◆ Try it:
Retype the records below from their first line through the line holding "Listing details for", including both ends and no pictures.

Data excerpts

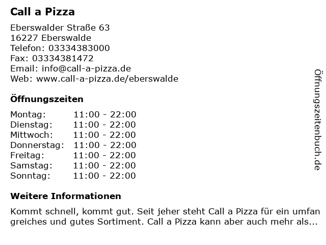 | Öffnungszeiten Call a Pizza in Eberswalde anzeigen | |
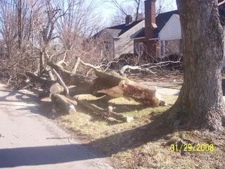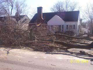 First of all, let me say there was no damage to our house or the house next door. The tree that fell was an oak, about 100 years old. It was in the front of the neighbors house to the right. Had this tree fallen a different direction, it would have crashed into the neighbors house, possibly hurting or killing a wonderful 80 year old widow. Instead it fell across our driveway and front yard, and only damaged a Bradford Pear tree that was in front of our house. Blessing number one.
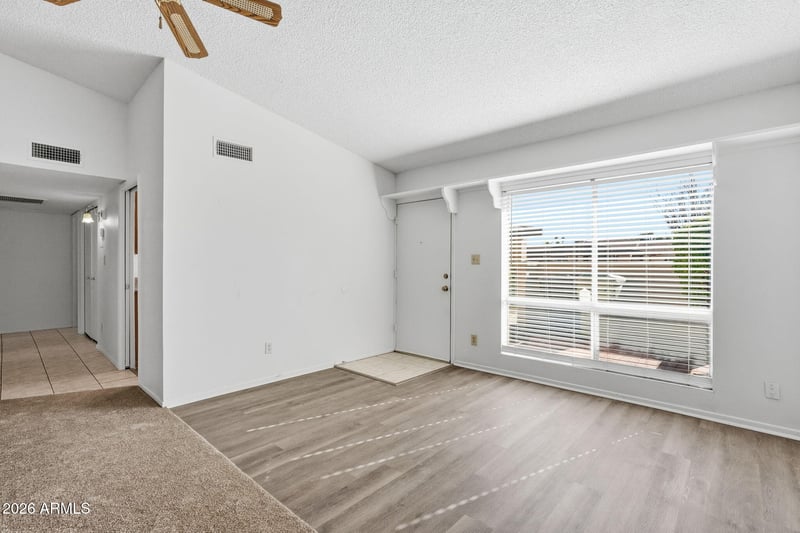 Listing details for 5120 Carol Ave, Glendale, AZ 85302 : Charming 1-story townhouse offering 2 bedrooms and 2 bathrooms with a functional, easy-living layout. The kitchen features a bay window that brings in natural light, while the home includes a laundry closet for added convenience. Enjoy a covered back porch and fenced backyard, perfect for relaxing or outdoor enjoyment. An attached 2-car carport provides convenient covered parking.
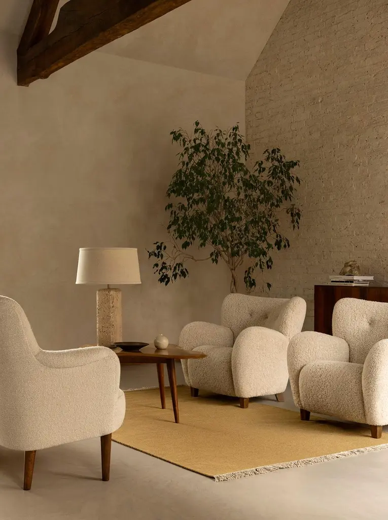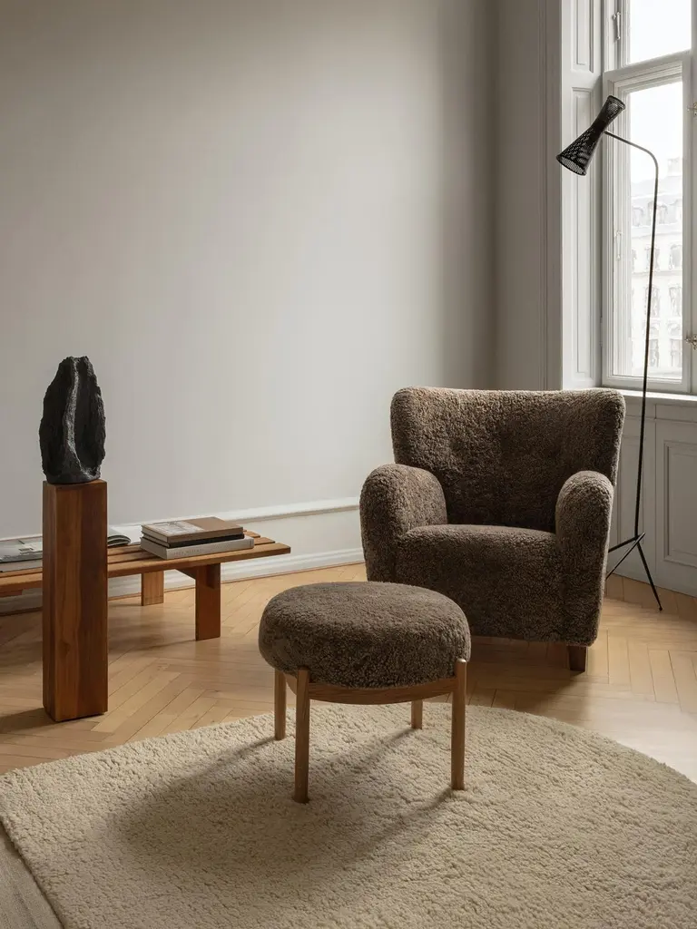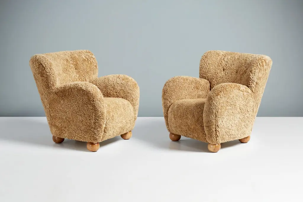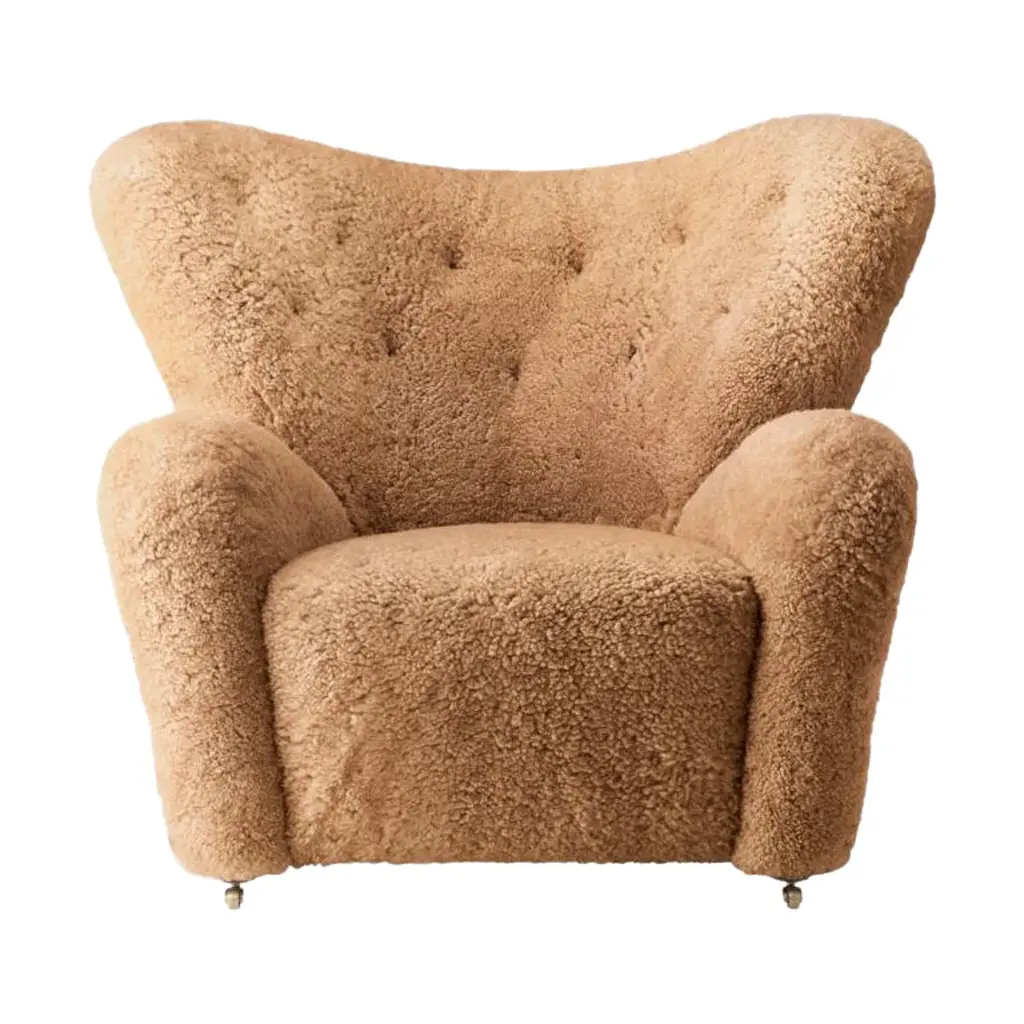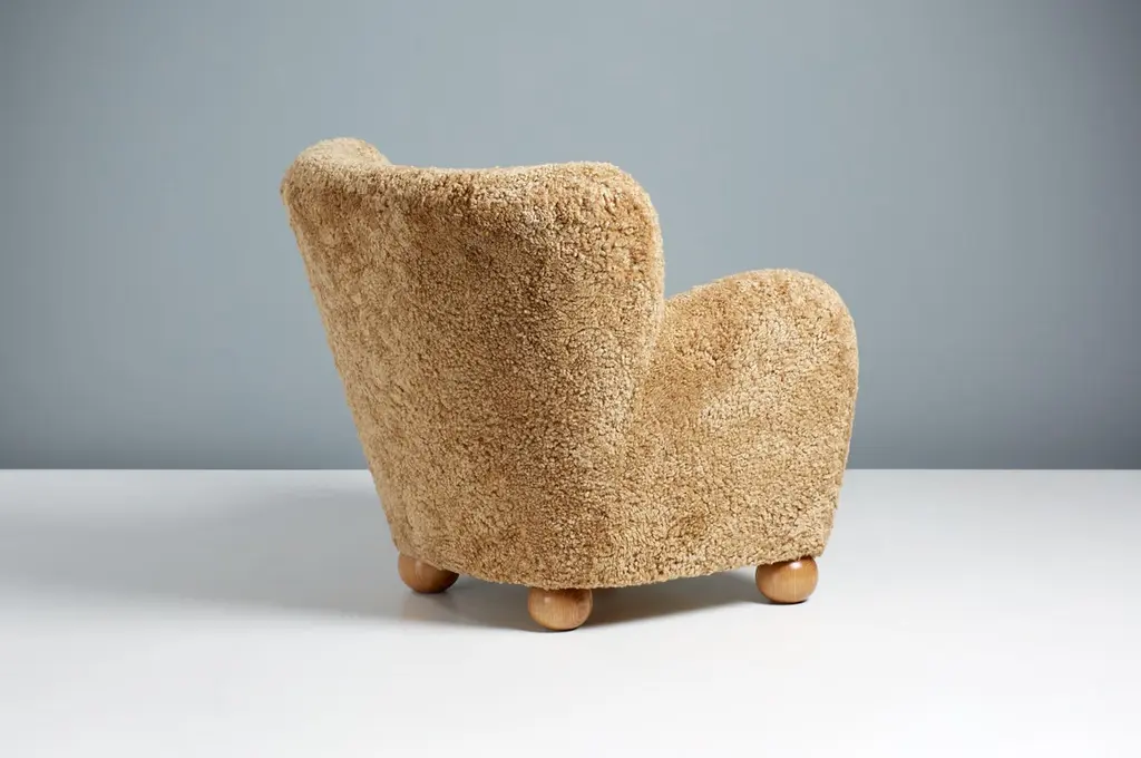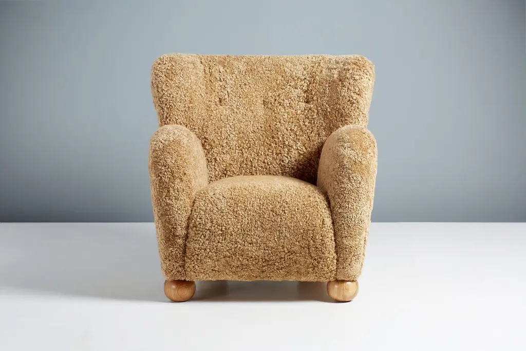 Dagmar design - Karu armchair. A reproduction armchair in the 1940s Danish modern style.The Karu chair is a contemporary update of a classic design first produced in Finland by the HAIMI OY company in the early 1950s. The inviting curved arms and subtle winged back are the epitome of the post-war Nordic aesthetic. Karu offers perfect proportions for a bedroom or living room chair. The chair legs are available in oiled oak, fumed oak, or walnut. The chairs are upholstered in luxurious Australian sheepskin available in a range of colours. Other fabric options are also available by request.Each chair measures:Width 80cm (31.5")Depth 85cm (33.5")Height 84cm (33")Seat Height 42cm (16.5")
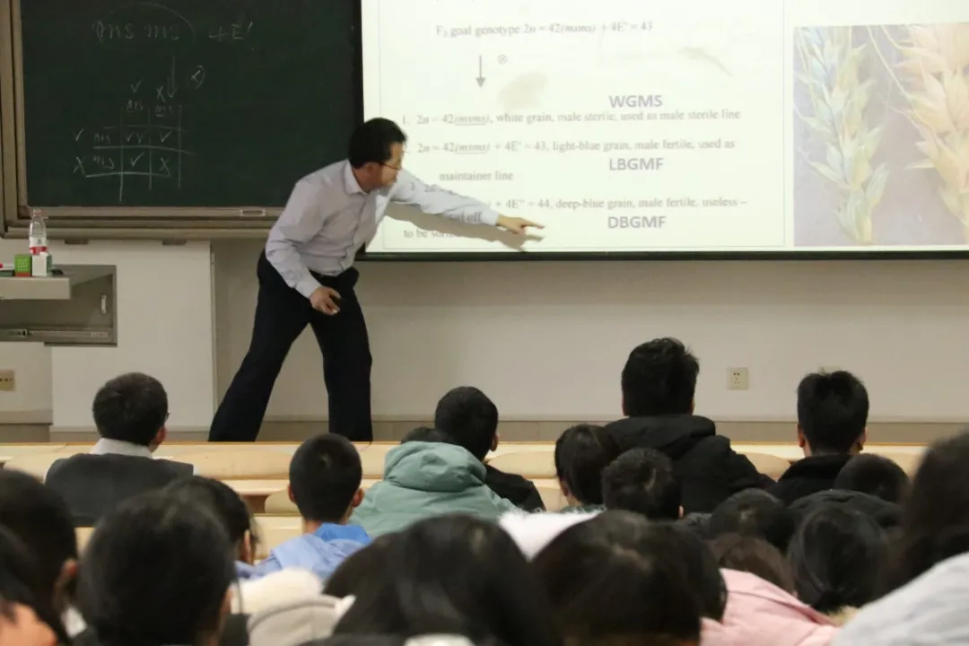 12月4日下午,农学院在综合楼N204举行第九期学实大讲堂,本期特邀付道林教授、吴佳洁教授,倪飞副教授为主讲嘉宾,为2019级同学带来精彩报告。 讲堂上,付道林老师以“杂交小麦发展趋势”为主题,结合生动有趣的事例,详细讲解了小麦的杂种优势。他指出,杂交小麦的种植方式不同于传统普通小麦,这是杂交小麦无法大量种植的一个重要原因。在报告过程中,付老师问答结合,充分调动同学们的学习积极性,课堂氛围轻松活跃。倪飞老师则以幽默风趣的语言,简单介绍了自己的科研经历,六年磨一剑,最终成功发表“太谷核不育小麦Ms2基因的图位克隆”。他总结到:“选择自己热爱的东西,不要半途而废,而应该按部就班、坚持到底。”最后,本期学实大讲堂在热烈的掌声中圆满结束。 2019级农学3班徐峻岩表示:“老师们的讲述,不仅让我更深入地了解到最新的农业研究前沿,而且激发出我对专业学习和参与科研创新的兴趣。” |
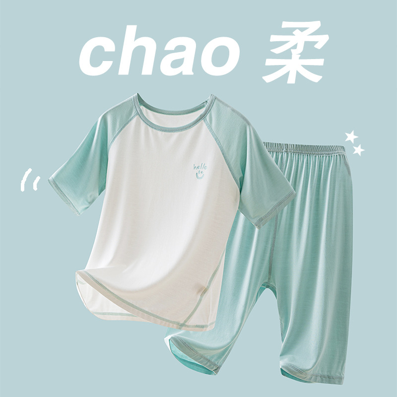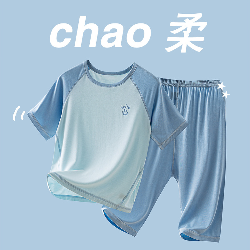 2025 봄과 여름 어린이 솔리드 컬러 탄성 에어컨 홈 의류 남학생과 여학생을위한 반팔 자른 바지 파자마 세트

◆ Reply:
 | Öffnungszeiten Call a Pizza in Eberswalde anzeigen | |
 First of all, let me say there was no damage to our house or the house next door. The tree that fell was an oak, about 100 years old. It was in the front of the neighbors house to the right. Had this tree fallen a different direction, it would have crashed into the neighbors house, possibly hurting or killing a wonderful 80 year old widow. Instead it fell across our driveway and front yard, and only damaged a Bradford Pear tree that was in front of our house. Blessing number one.
 Listing details for 5120 Carol Ave, Glendale, AZ 85302 : Charming 1-story townhouse offering 2 bedrooms and 2 bathrooms with a functional, easy-living layout. The kitchen features a bay window that brings in natural light, while the home includes a laundry closet for added convenience. Enjoy a covered back porch and fenced backyard, perfect for relaxing or outdoor enjoyment. An attached 2-car carport provides convenient covered parking.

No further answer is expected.